ただし、いわゆる「ら抜き言葉」については、たとえば「見れました」と発言のまま書き起こしたと思われる原稿があっても、校閲段階で「見られました」と直します。これは新聞だけのことではなく、テレビの字幕でもほぼそうなっているはずです。

しかし「すごい+形容詞」については、直すべきだというコンセンサスが、ら抜き言葉ほどにはないように思います。その結果かどうか、今回の東京五輪でも「すごいうれしい」などの複数のコメントが毎日新聞ニュースサイトに出ました。もっとも、今回の五輪記事の検索でみる限り、紙の新聞には使用例が見当たりません。速報性と記録性の違いのなせるわざでしょうか。

出題者としては、競技者の生の声をできるだけそのまま届けたいという思いもなくはないのですが、このアンケートの結果をみてもやはり「すごい重い」は「すごく重い」に直したほうがよいと意を強くしました。

(2021年08月20日)



質問に際して

東京オリンピックでスケートボードの堀米雄斗さんが金メダルを取ったときのコメント第一声は「本当にすごいシンプルなんですけど、もうほんと、すごいうれしい」。これを、毎日新聞電子版では「シンプルだが、すごいうれしい」とシンプルに記しました。

他メディアは「シンプルなんですけど、すごいうれしいです」「すごいシンプルなんですけど、本当にうれしいです」「すごくシンプルだが、うれしい」などとさまざまでした。

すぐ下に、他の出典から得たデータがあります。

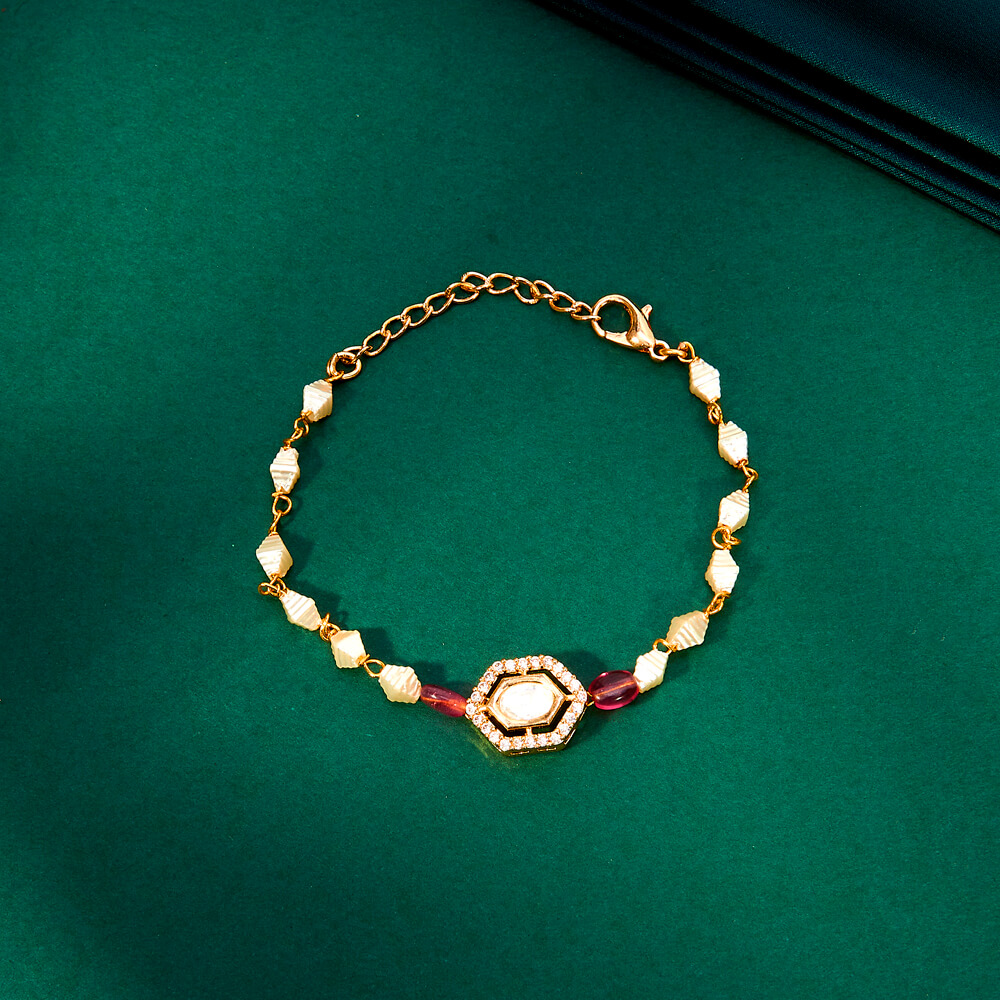 Kanhai Jewels offers an exclusive collection of finest quality crafted Fashion Jewellery in various colors. We make sure that our collection of Kundan Adjustable Bracelet With Gold Plating are beautiful, elegent & will surely galvanize you, because our products are unique, comfortable, fashion forward & very popular for the rich look. Base Metal of our product is Alloy, i.e Mixing of Copper & Brass. We pack all the products using quality packaging material to ensure safe and secure transportation.
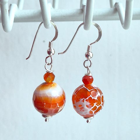 4. Ørepynt med en stor sten: dragon skin agat (drage agat) med vakre mønstre i stenen. Kr. 360.
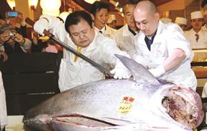 بلغ وزن سمكة التونا 222 كيلوغراماً وتستخدم هذه السمكة ذات اللحوم الحمراء والزهرية اللون في إعداد أطباق السوشي والساشيمي ! يعني مسالة استثمار وليس استعراض
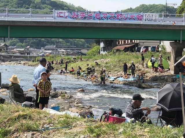 9時40分から、『第46回にいみ子どもマス釣り大会』の開会式に出席しました。ご盛会おめでとうございました。一言ご挨拶の機会を頂きました。ありがとうございました。
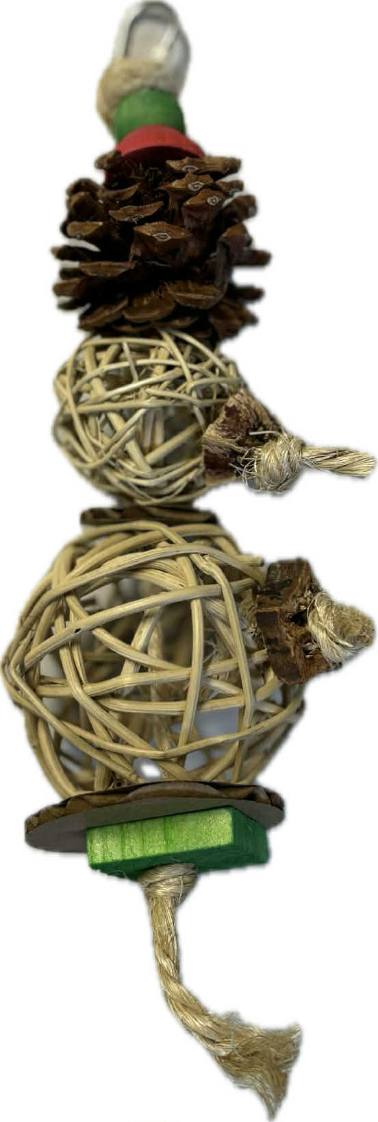 Toy for small and medium birds that they’ll enjoy shredding. Measures approximately 8 inches long by 4 inches wide. Made of vine balls in which you can hide treats, cardboard, mahogany slices for buttons, colored wooden pieces, a pine cone for a head, sisal rope, and a link.
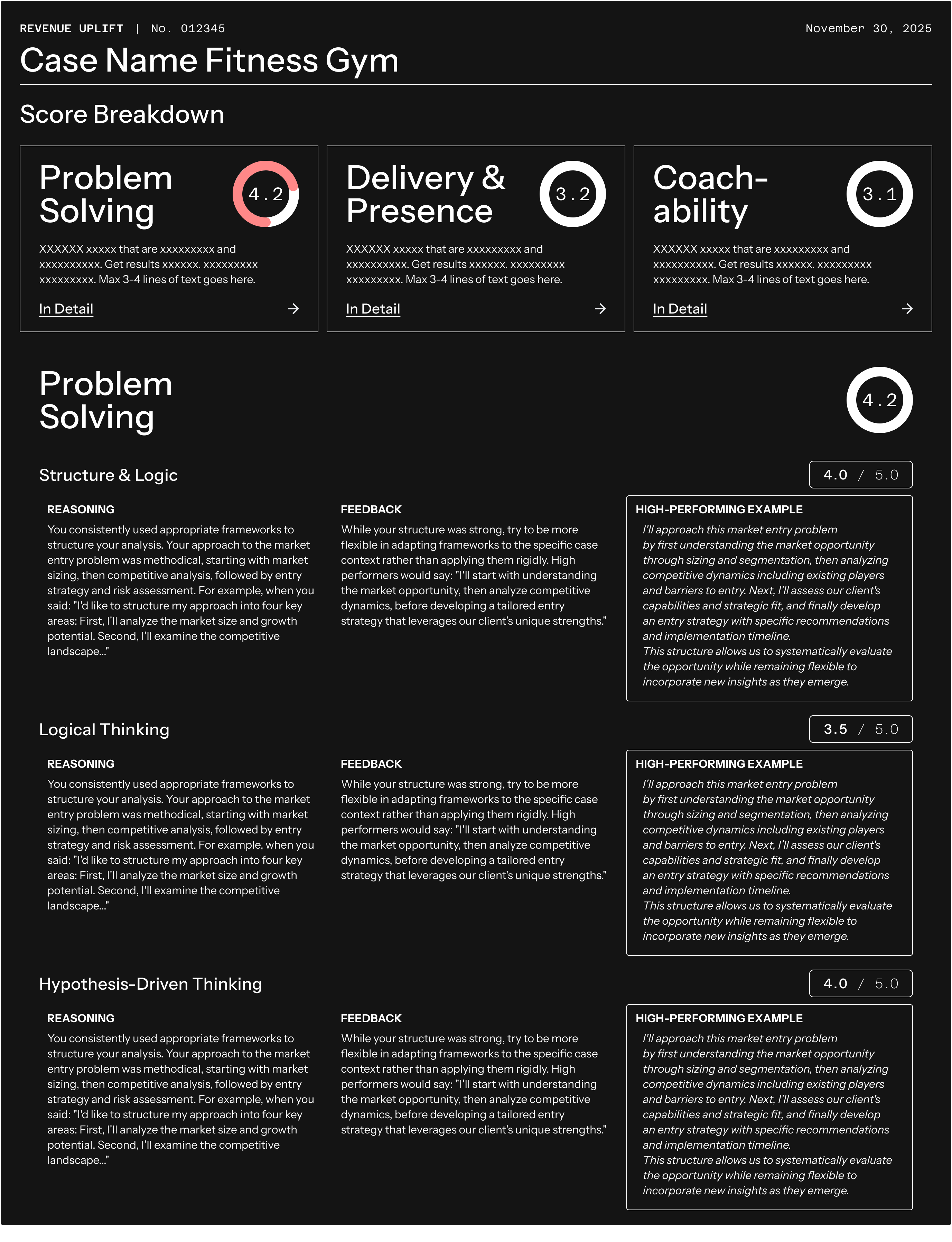 Problem Solving(問題解決力)、Delivery & Presence(伝達力)、Coachability(成長可能性)の3軸で評価。各軸をさらに細分化し、Structure & Logic・Logical Thinking・Hypothesis-Driven Thinkingなど項目ごとに5点満点でスコアリングします。
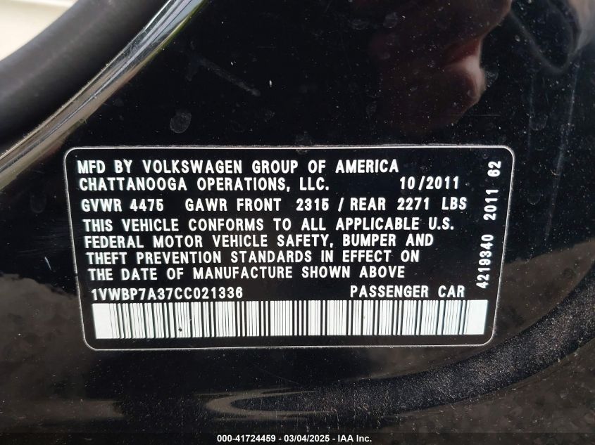2012 VOLKSWAGEN PASSAT 2012 Gasoline, 2.5, Front wheel drive, VIN - 1VWBP7A37CC****** from the USA

話し言葉を文字として記録する場合に微妙に差が出ているようです。

文法上は「すごいうれしい」の「すごい」は形容詞で、「うれしい」などの形容詞に続くときは「すごく」とすべきです。明鏡国語辞典は「話し言葉では、『すごい』を『すごく』と同じように連用修飾に使うことが多いが、本来は誤り」としています。「本来は」というところに「これだけ広がればやむをえない」という感じがうかがえますが、少なくとも書き言葉では認められないと、くぎを刺しているようにも読めます。

では、話し言葉を記録として書く場合、「すごいうれしい」を「すごくうれしい」と直すべきでしょうか。実は発言中の「ら抜き言葉」をそのまま記さず「来れる」を「来られる」に直すケースなどはかなりあるのですが、「すごい+形容詞」の場合はどうでしょう。